Anche ora che da quasi tredici mesi viveva lì sulle colline, davanti a quello
che chiamava, prima ancora di trasferirsi in riviera, il suo mare, nei viaggi a
Milano, per pratiche residue connesse alla sua vita precedente, o quando
raggiungeva la moglie che era rimasta là vincolata dal lavoro quattro giorni a
settimana, tra visite alla Fnac, alla Feltrinelli di piazza Duomo o semplice
girovagare, si era ritrovato almeno due lunedì, a distanza di mesi tra loro,
davanti all’edicola di Cadorna, alla stessa identica ora.
A lavorare nell’edicola ora era una coppia di rumeni, giovani, sui trent’anni,
con lo sguardo triste e totalmente indifferente a qualsiasi cliente avessero
davanti.
E’ ovvio che Marianna, in quei lunedì lui non la vedesse arrivare.
Ovvio per chi sa che Marianna aveva cambiato lavoro, orari, abitudini e rotto
già prima di quel cambio la tradizione di un rito che non voleva più celebrare.
Non era ovvio affatto per Angelo che di lei da quell’ultima giornata spesa nella
baita in compagnia di Martina e di quell’addio mai pronunciato tra loro due, di
lei aveva perso, all’inizio volutamente, poi per necessità e fili della vita che
si erano da soli ingarbugliati, ogni notizia e ogni cognizione. Aveva, sei mesi
dopo l’incidente, comprato invece la casa al mare. Non quella visitata
all’epoca, ma un’altra, leggermente più in collina. E lì viveva.
Anche per questo fu più forte lo stupore.
Sceso ad Albenga per una notte blues estiva,
uscito dalla libreria, nella piccola folla di persone colorate che sciamava
nelle piccole strade, perdendosi con lo sguardo dietro a mille persone, come era
sua abitudine fare, ebbe quasi un sussulto quando vide, o gli parve di vedere in
una coppia di giovani donne, una decina di metri oltre il piccolo muro di tshirt
e gambe abbronzate, e teste, lei.
Ebbe un attimo di stupore incredulo, quel tanto di sospensione tra il vedere, il
pensare e l’agire che fece sì che la piccola folla inghiottisse le due donne e
gli togliesse la possibilità di mettere a fuoco bene e realizzare. O anche solo
raggiungerle per controllare.
Si fece largo tra la folla e si incamminò nella loro stessa direzione.
Ma non riuscì a vederle.
Provò, tornando sui suoi passi a percorrere anche un paio di vicoli laterali, il
centro antico del paese non è così grande, si disse. Incrociò visi che lo
salutarono, altri che come lui erano scesi al mare per la notte musicale, e che
non si fermò a salutare.
Scansò con malcelato fastidio un gruppo di tedeschi, che, fermi, ostruivano la
via assai stretta e lo fecero ancora rallentare. Poi giunsero le prime note
degli accordi, dopo che la musica del disco fatto suonare in attesa del concerto
si interruppe. La voce del bluesman che introduceva la serata.

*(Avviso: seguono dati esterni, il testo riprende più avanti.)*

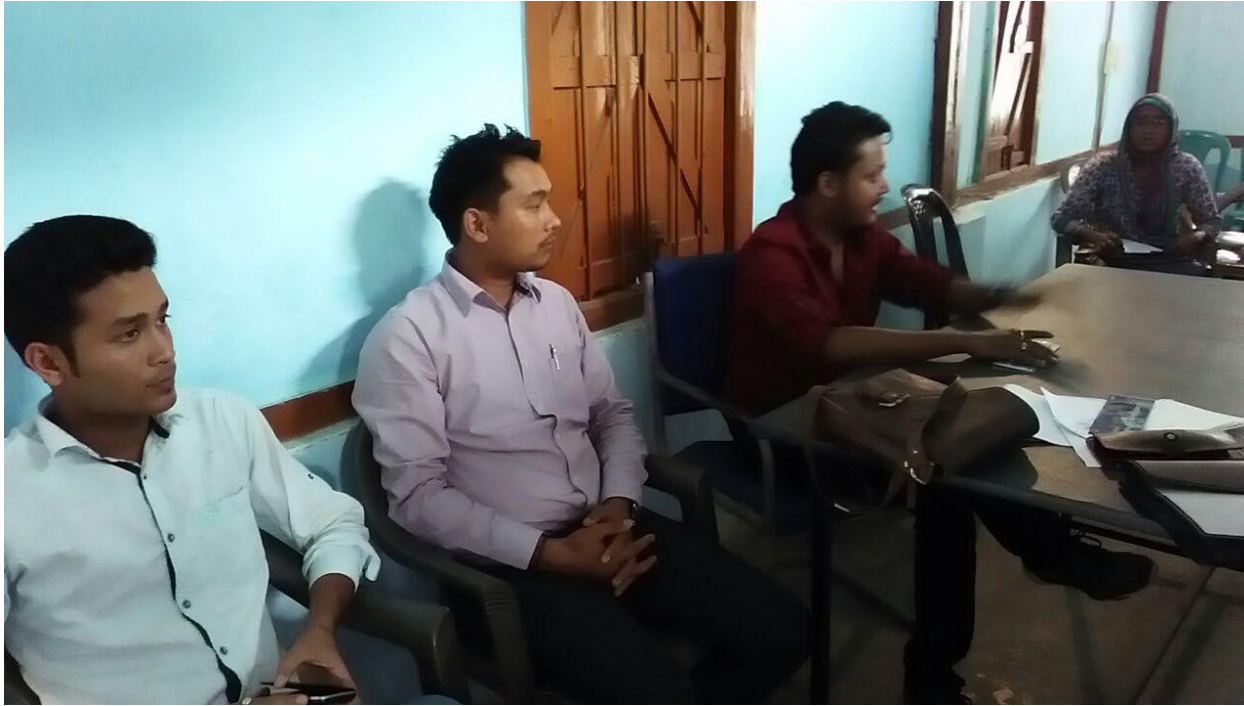
Attending meeting of ASHA supervisors, accompanied with DCM Lakhimpur, and Block Facilitator of Bhipuria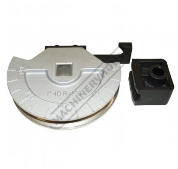
1" Inch Former & Follower Die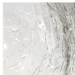
Clear Cracked Lead Crystal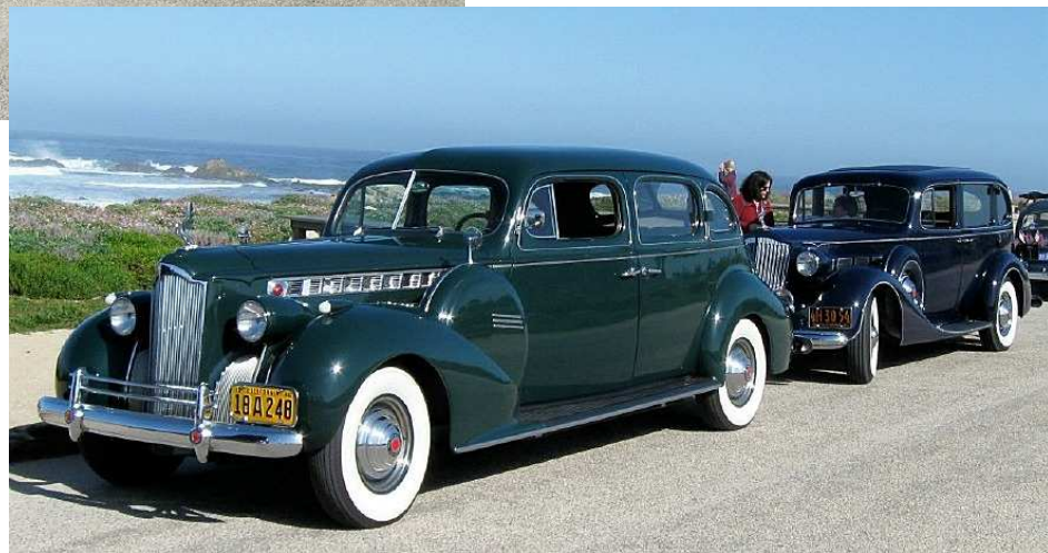
Barchas '40 160 & Beck '37 1500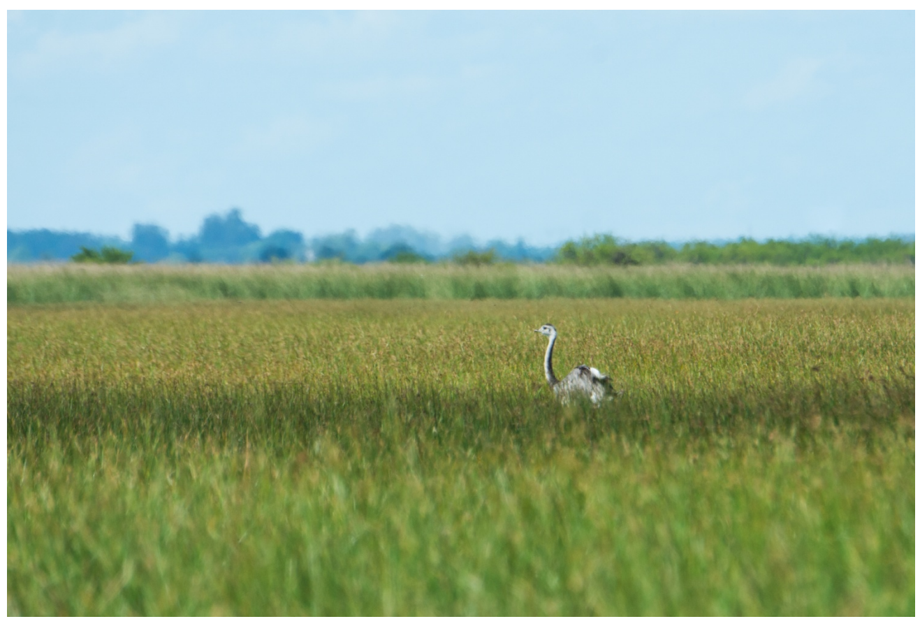
Greater Rhea [near to Ceibas, Entre Ríos]

Although the start to our day in Entre Ríos was inauspicious (our 2WD vehicle was unable to pass through the muddy roads en-route to our intended target habitat in the vicinity of Perdices) and the very warm and sunny weather somewhat suppressed bird activity (and sapped our energy levels) during the middle of the day, we saw many interesting species during some 8 hours of birding from local dirt roads. The roads cut through marginally higher and drier country then I had visited with Marcelo in December and highlights included a Glaucous-blue Grosbeak (encountered as be turned back from our failed mission to reach Perdices), 5 Greater Rhea (seen in open country west of Ceibas), large numbers of Southern Screamer and storks (including one Jabiru - a first for Marcelo in Entre Ríos, and apparently one of few records in the province), several Firewood-gatherers (the bird itself is not as spectacular as its unusual name) and three species of pipit. On the way back to Buenos Aires we wrapped up with a late-afternoon bonus stop at the Reserva Natural Otamendi in Buenos Aires province. Highlights there included views of a pair of Rufouscapped Antshrikes and a Freckle-breasted Thornbird, however we could not locate the Straight-billed Reedhaunters that finally started singing at dusk.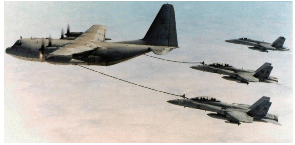
Figure 2. USMC KC-130 Refueling F/A-18s with Hose-and-Drogue

the hose-and-drogue system, can simultaneously employ two such mechanisms — and, refuel two aircraft simultaneously. The boom, however, can dispense fuel faster than a hose-and-drogue.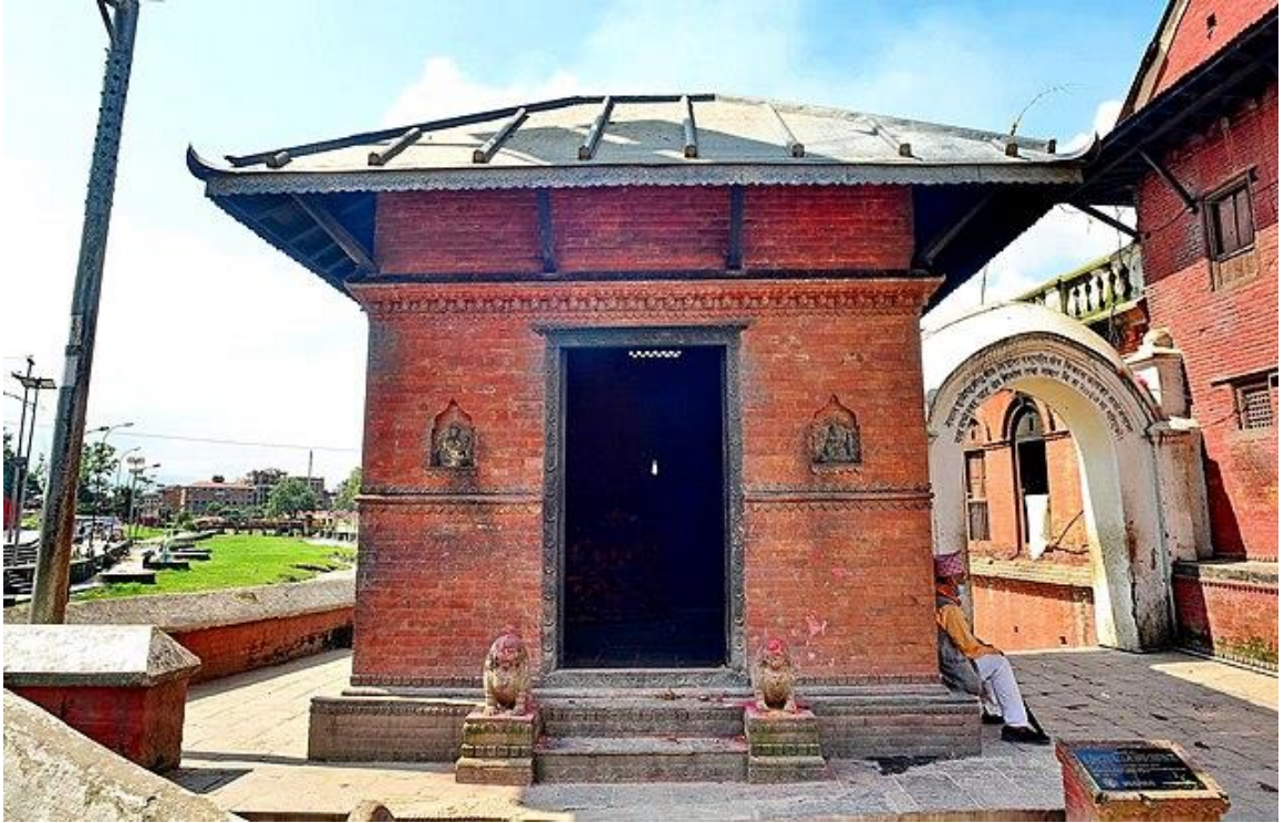
Figure 1 Mangala Gauri/Jaya Mangala Shrine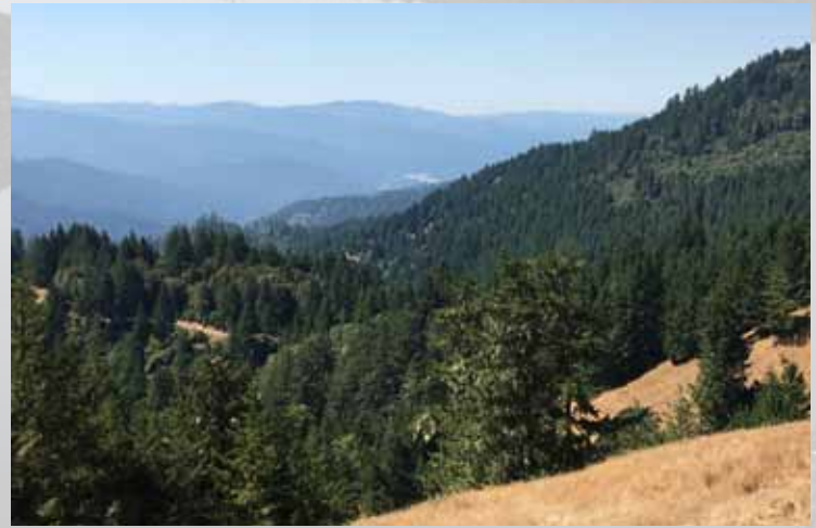
Chalk Mountain Ranch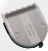
Standard Blade #58190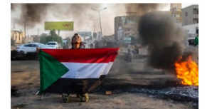
Military dissolved civilian leadership of the transitional government in Sudan.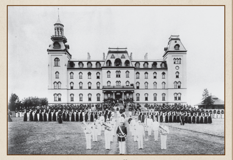
Iowa State College, 1890

asking him to become the Director of Agriculture at Tuskegee Institute in Alabama.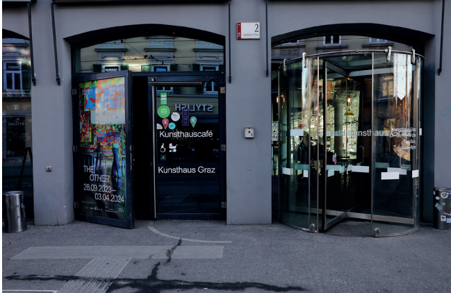
Main entrance Lendkai: Nr. 8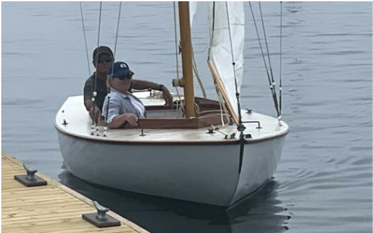
Sparkman And Stephens Manhasset One Design1802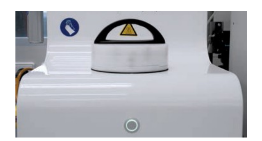
LED for easy differentiation of six modes with various colors and additional beep e.g. "drying process completed".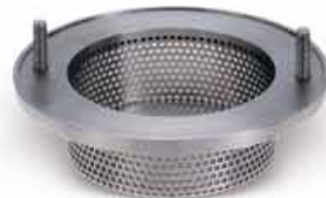
Square hole high shear screen™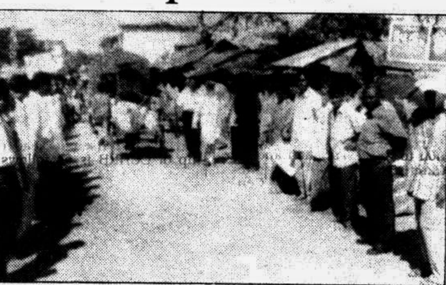
Communist Party of Bangladesh organised a human chain at Kadamtoli in Gaibandha town demanding immediate renovation of the local Bridge Road.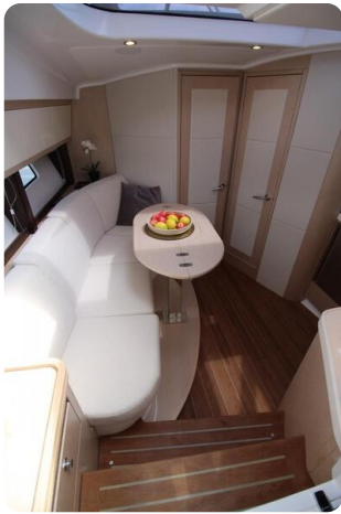
Focus Power 36 HT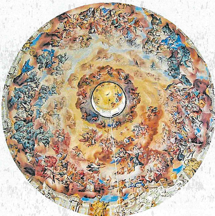
Frescos de la cupula principal en la Abadía de Ettal en Baviera, Alemania

919 E. Indiana Ave. Coeur d'Alene, Idaho P. 208.664.9259 | W. stthomascda.org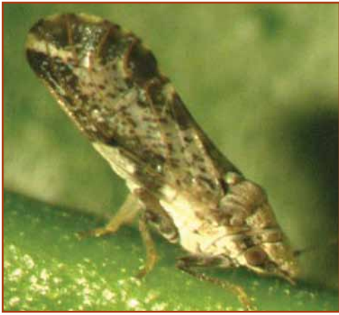
Asian citrus psyllid

become established across the state, but does not provide sufficient natural control of the psyllid populations to slow the spread of HLB.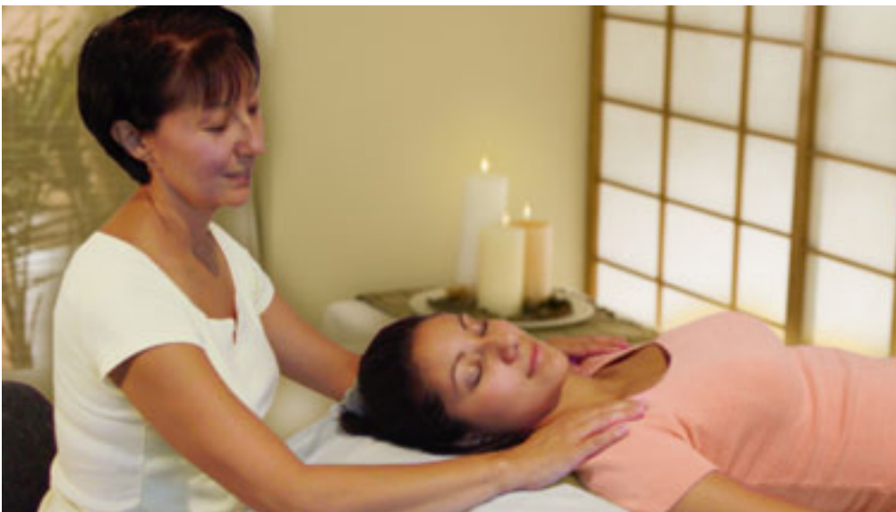
Reiki can be used with anyone to soothe and nurture, no matter their age or situation.

There are different kinds of ki , and we absorb it from different sources — food, sun, water and air. We also give it to and receive it from other people, which is where healing techniques that work with the flow of energy come into play. To maintain health and well-being, there should be a balance of ki circulating through and around our bodies.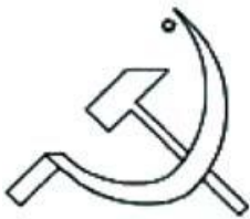
HAMMER SICKLE & STAR 4. Communist Party of India (Marxist)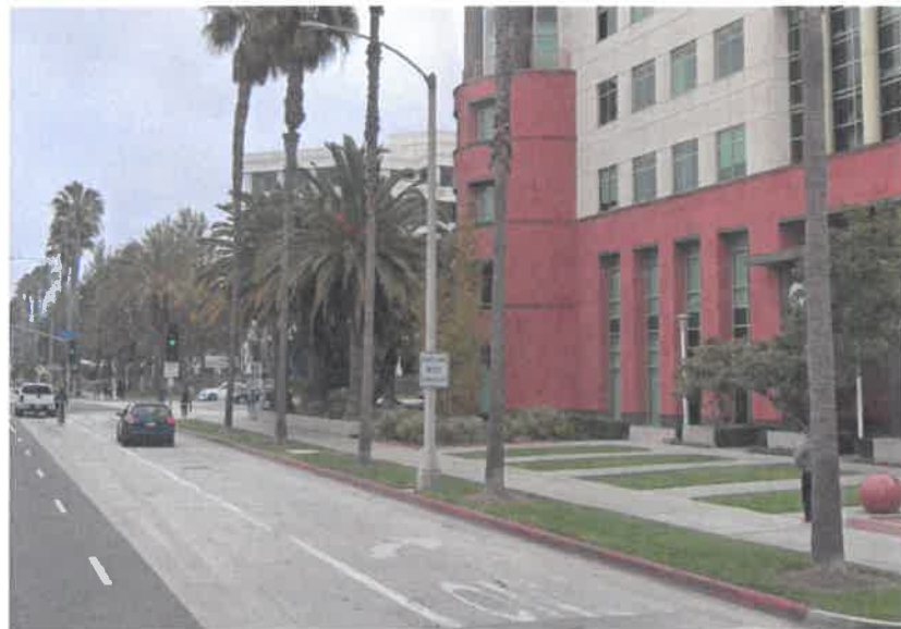
Street view of proposed installation location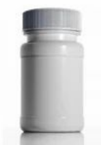
Calcium Supplement Capsule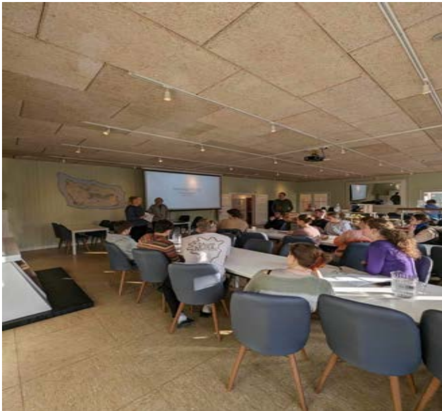
(Danish and Norwegian students at Rønne Vandrerhjem.

Despite thorough preparation and collaboration with BOFA, some cultural and linguistic differences may have led to minor misunderstandings. However, these challenges provided valuable learning opportunities. Direct engagement with key stakeholders, rather than relying on intermediaries, emerged as a crucial factor in improving participation. A more structured onboarding process with clearer communication from BOFA's leadership could have mitigated some of the challenges. Moving forward, these insights will be key in refining the approach to stakeholder engagement in future implementations of the FREIIA project.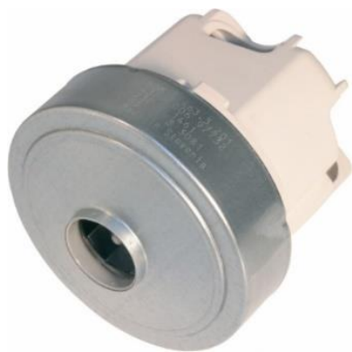
Example of an electric motor – subject of zero-defect manufacturing

Timely detection of faults or shortcomings in a production process is extremely important since it prevents faulty devices to be delivered to customers and built into appliances. Classification of possible shortcomings in a production process is equally important since it provides the possibility of identifying faulty workstations in a production process and repairing them. In both cases, waste of material, energy, labour and time is minimized.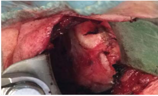
Figure 1: Sagittal CT scan showing cervical anterior osteophytes from C3 to C6.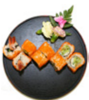
Shrimp Roll $5.95 Shrimp, avocado, cucumber & smelt egg.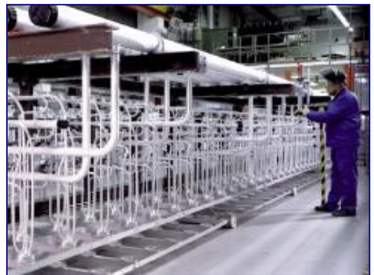
Aluminium pipe system

Aluminium is a base metal that spontaneously oxidizes when it comes into contact with oxygen from the air. Hereby the aluminium is covered with an oxide skin of aluminium oxide. This natural oxide skin can protect the underlying aluminium, under non-burdening conditions, against corrosion. This process of natural oxidation and the formation of a corrosion-protective oxide skin is called passivating.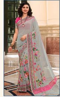
❁ 23739 ❁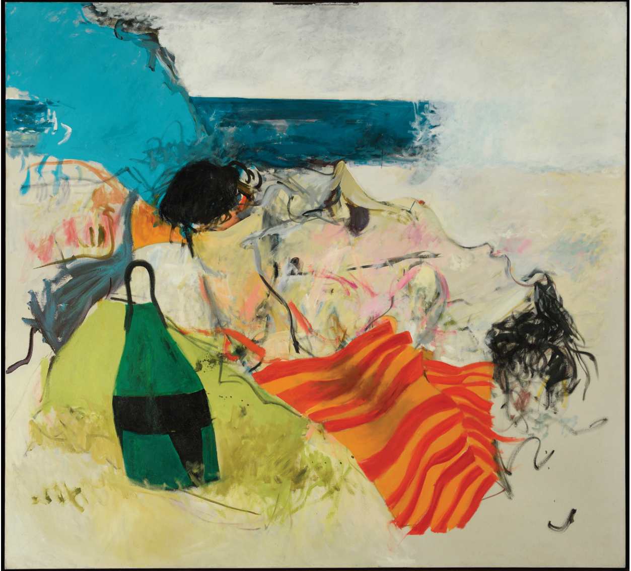
Georgica Beach - The Hamptons, 1971 Oil on canvas, 60 x 66 inches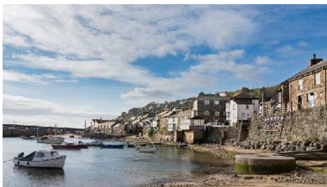
Original Colour Image

It was taken on a Canon 5D mark iii with a Sigma 24mm-105mm lens at 24mm focal length. Exposure was 1/200sec, f/8, ISO 100.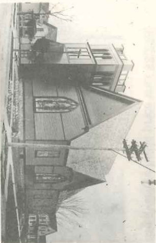
15. Faith United Church - 628 Clermont Street - This church dates from 1883 and has been home to two Unity congregations who merged and became Faith United. It contains the altar and font brought from the old Evangelical and Reformed Church.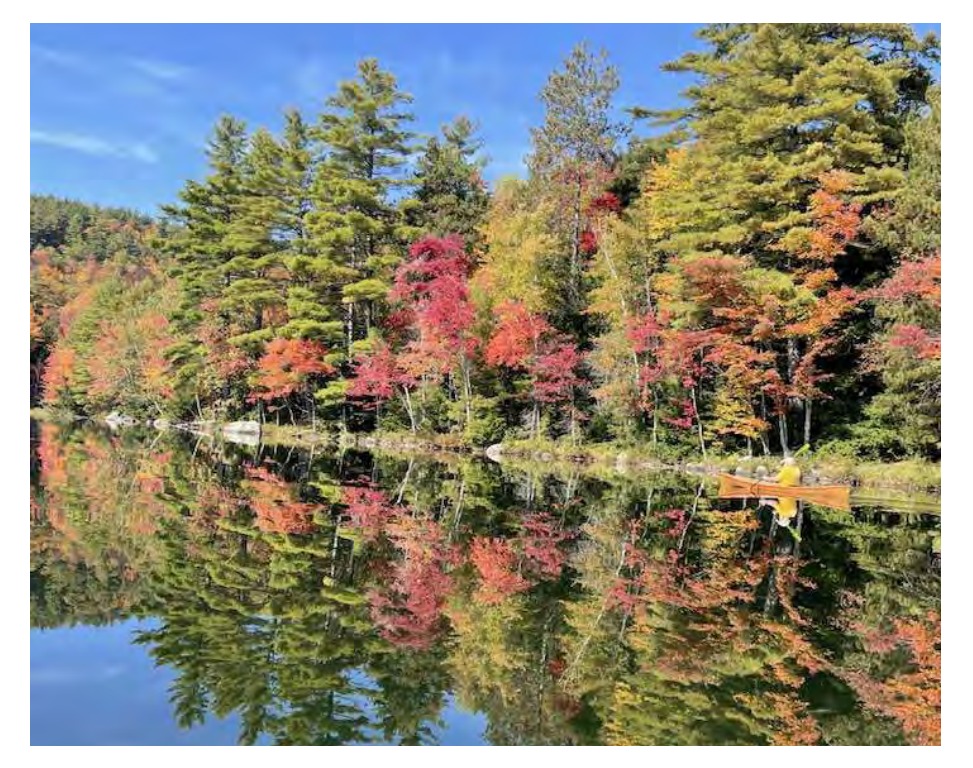
October foliage on Putnam Pond

For more information or to access the Ticonderoga Area Employment Opportunities database visit <u>www.ticonderogany.com</u> or contact Megan Bambara at <u>coordinator@ticonderogany.com</u>.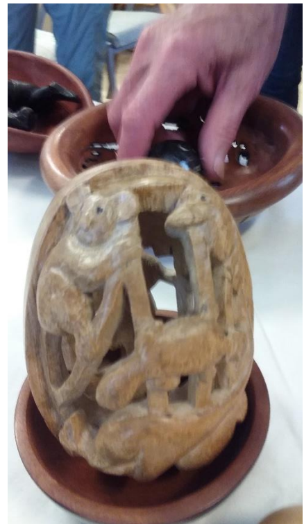
AUSTRALIAN CARVED WOODEN EGG

WANTED TO BUY: Gerry Brady of Eastern Region has a friend who wants to buy a small lathe. Similar in size to one of the Comet Lathes. Gerry can be contacted by phone 9349 5064.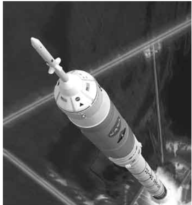
An artist concept of an Ares launch with the Orion crew capsule and the abort system in the tower on top.

Although the luncheon and briefings are sponsored by the Pioneer Group and the Historical Foundation, it is open to anyone wishing to attend.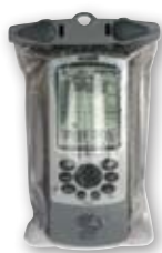
348 SMALL WHANGANUI

Color: clear Size: 5"L x 6" Circum. #55303.02 / $30.00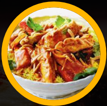
Butter Chicken with turmeric rice

Sbucò nella piccola piazza, alle spalle del palco, al sorgere dei primi accordi
di chitarra e delle prime note dell’armonica..
Convinto che – comunque - non potesse essere lei.
Nemmeno i capelli erano i suoi, troppo corti quelli della ragazza che però aveva
creduto di riconoscere in un istante solo. Entrò nel bar alle spalle del palco.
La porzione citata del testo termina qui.